Times of Oman
Apr 30, 2017 Last Updated at 07:56 AST
Tesco caps year of recovery with solid Christmas trading
January 12, 2017 | 12:07 PM
by Reuters
Britain's biggest retailer Tesco reported a 0.7 percent rise in underlying Christmas sales in its home market, capping a year of recovery with a solid performance over the key festive period. - Reuters
 
Sharelines

London: Britain's biggest retailer Tesco reported a 0.7 percent rise in underlying Christmas sales in its home market, capping a year of recovery with a solid performance over the key festive period.

Tesco, which like its rivals has been battling with the turmoil sparked by the rise of German discounters Aldi and Lidl, said the sustained progress it was making across the group enabled it to reiterate its outlook for the full fiscal year.
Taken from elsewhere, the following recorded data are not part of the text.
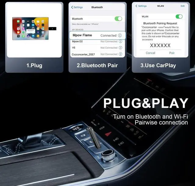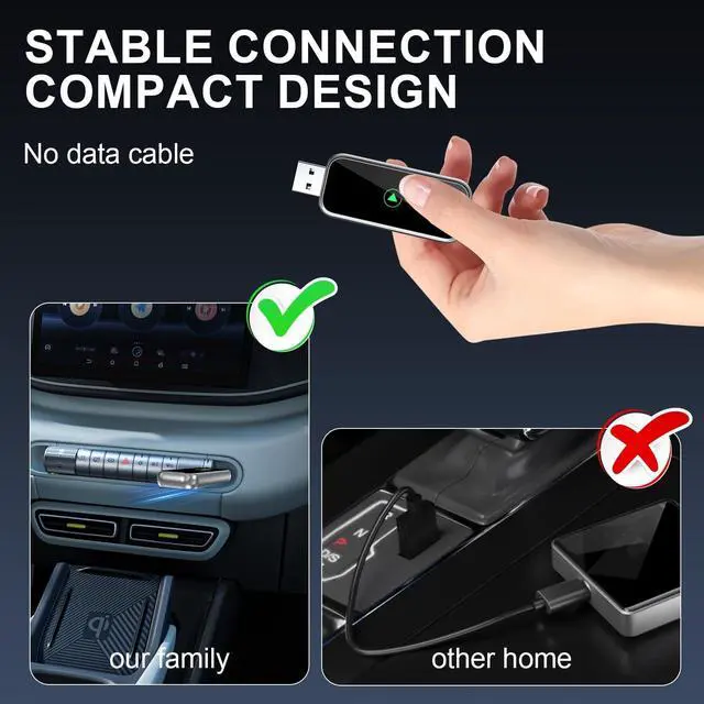 Upgrade to Wireless CarPlay & Android Auto Instantly convert your factory wired Apple CarPlay or Android Auto system to wireless in seconds. Enjoy hands-free navigation, music, calls, and voice control without plugging in your phoneno more cables, clutter, or distractions while driving ^^ Fast Auto-Reconnect, Plug & Play Simply plug in the wireless CarPlay adapter, pair once, and it automatically reconnects every time you start your car. No apps, no setup hassleyour phone stays connected even in your pocket or bag ^^ Wide Compatibility for Cars & Phones Compatible with iPhone 8 and newer (iOS 10+) and Android phones running Android 11+.
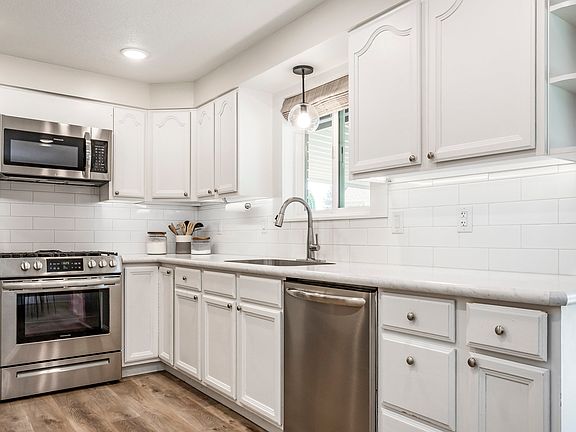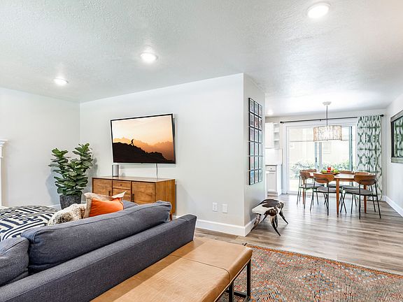 A fresh price creates a new perspective. Take a closer look at all this rambler has to offer. With multiple family gathering spaces, 2 fireplaces and 5 bedrooms that can also accommodate your home office needs, this home should not be missed. Recent renovations and upgrades include luxury vinyl plank flooring throughout, interior paint, new baseboard and door casings, stainless kitchen appliances. A primary bedroom with ensuite bathroom featuring radiant heated floors adds a touch of luxury. 2 additional full size bathrooms have also been renovated. Large windows allow abundant natural light and are fitted with custom blinds. Step out from the kitchen area to a the covered back deck and spacious .30 acre lot with fully fenced yard where you can enjoy outdoor entertaining. Lots of room for play, garden areas, and pets too! The attached double car garage with storage room, additional shed and RV parking area will surely appeal. This location is all about convenience: walk to stores, coffee shop, parks, the elementary school, convenient access to highway routes to Salt Lake City and SLC airport. Sports enthusiasts will enjoy the local bike trails and the convenient drive to world famous ski resorts located close enough to catch those early morning first runs this coming snow season!
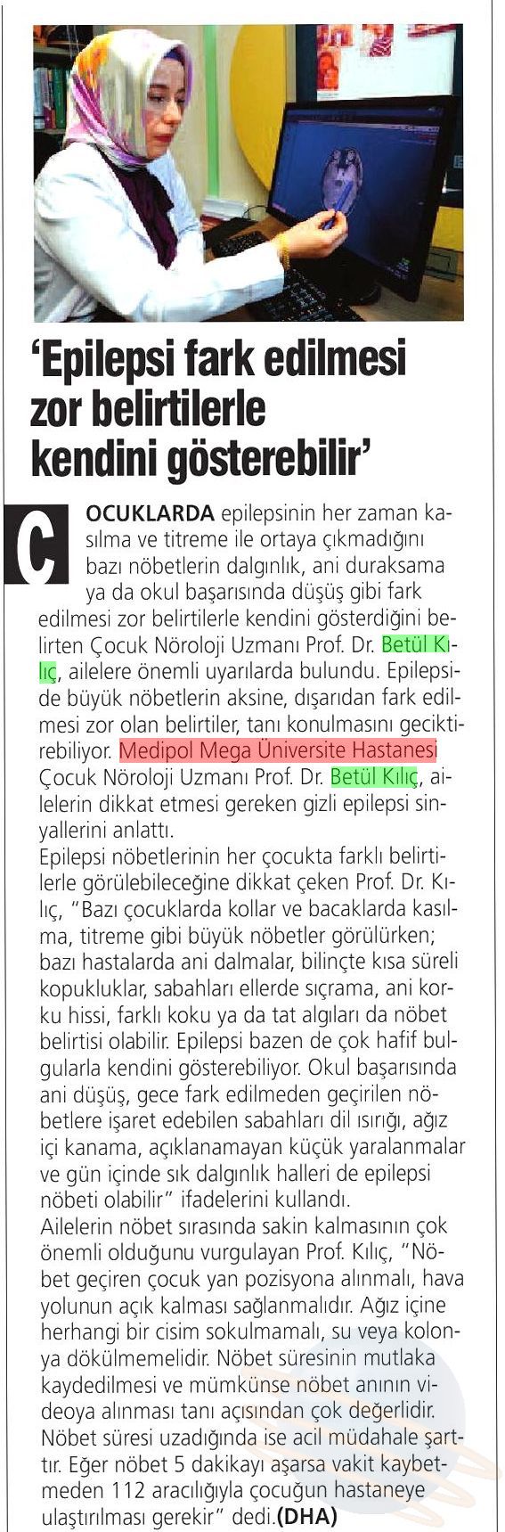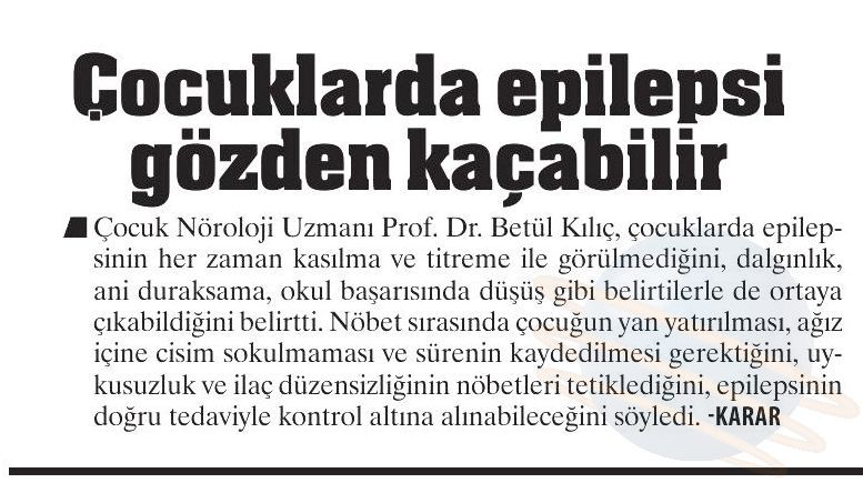 Epilepsi nöbetlerinin her çocukta farklı belirtilerle görülebileceğine dikkat çeken Prof. Dr. Kılıç, “Bazı çocuklarda kollar ve bacaklarda kasılma, titreme gibi büyük nöbetler görülürken; bazı hastalarda ani dalmalar, bilinçte kısa süreli kopukluklar, sabahları ellerde sıçrama, ani korku hissi, farklı koku ya da tat algıları da nöbet belirtisi olabilir. Epilepsi bazen de çok hafif bulgularla kendini gösterebiliyor. Okul başarısında ani düşüş, gece fark edilmeden geçirilen nöbetlere işaret edebilen sabahları dil ısırığı, ağız içi kanama, açıklanamayan küçük yaralanmalar ve gün içinde sık dalgınlık halleri de epilepsi nöbeti olabilir” ifadelerini kullandı.
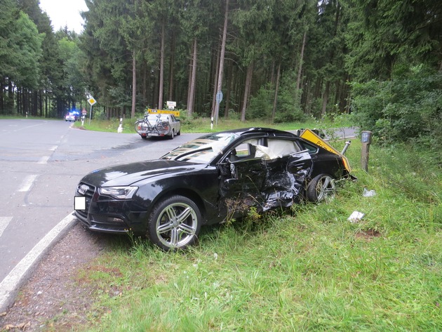 Am Dienstag, dem 28.07.2015, ereignete sich gegen 15.45 Uhr ein schwerer Verkehrsunfall im Kreuzungsbereich der L 17/L 20 am Forsthaus Brandscheid. Ersten Ermittlungen nach missachtete ein aus Richtung Brandscheid kommender Pkw Audi, besetzt mit einem Ehepaar aus Köln, die Vorfahrt eines aus Richtung Bleialf kommenden Pkw Mercedes, besetzt mit einem Paar aus Belgien. Bei dem Zusammenstoß der Fahrzeuge wurden alle Insassen schwer verletzt. Der entstandene Sachschaden wird auf ca. 30.000 Euro geschätzt. Da bei zwei der Verletzten zunächst Lebensgefahr bestand, wurde durch die Staatsanwaltschaft Trier zur Feststellung der Unfallursache die Erstellung eines Verkehrsunfallgutachtens angeordnet. Die Verletzten wurden durch das DRK und einen Rettungshubschrauber in Krankenhäuser der Region verbracht. Die Straße war im Bereich der Unfallstelle während der Maßnahmen voll gesperrt. Durch die Straßenmeisterei Prüm war eine Umleitung eingerichtet worden. Die Vollsperrung der Unfallstelle dauerte bis 18.55 Uhr an. Im Einsatz waren überdies die Feuerwehren aus Brandscheid und Bleialf.

The group expects to deliver at least 1.2 billion pounds ($1.5 billion) of group operating profit before exceptional items for the full year, the first rise in profit following five years of decline.

The results, which mirror the stable performances of rivals Sainsbury's and Morrisons, cap a year in which Tesco has started to recover from a loss of sales, profit and market share sparked by the increasing popularity of the ultra-cheap discount groups.

Helped by revamped stores, new ranges and increased staff numbers, shoppers have returned to the group, helping its shares to rise more than a third over the last year.

"We are very encouraged by the sustained strong progress that we are making across the group," Chief Executive Dave Lewis said in a statement. "We are well-placed against the medium-term aspirations we outlined in October 2016."

In the six weeks to Jan. 7, Tesco posted an underlying sales rise in its UK stores of 0.7 percent, in line with analyst forecasts of growth of 0.3 to 1.5 percent.

Trading over Christmas built on UK like-for-like sales growth of 1.8 percent for the 13 weeks to Nov. 26, Tesco's fiscal third quarter, that was also reported on Thursday, also in line with forecasts.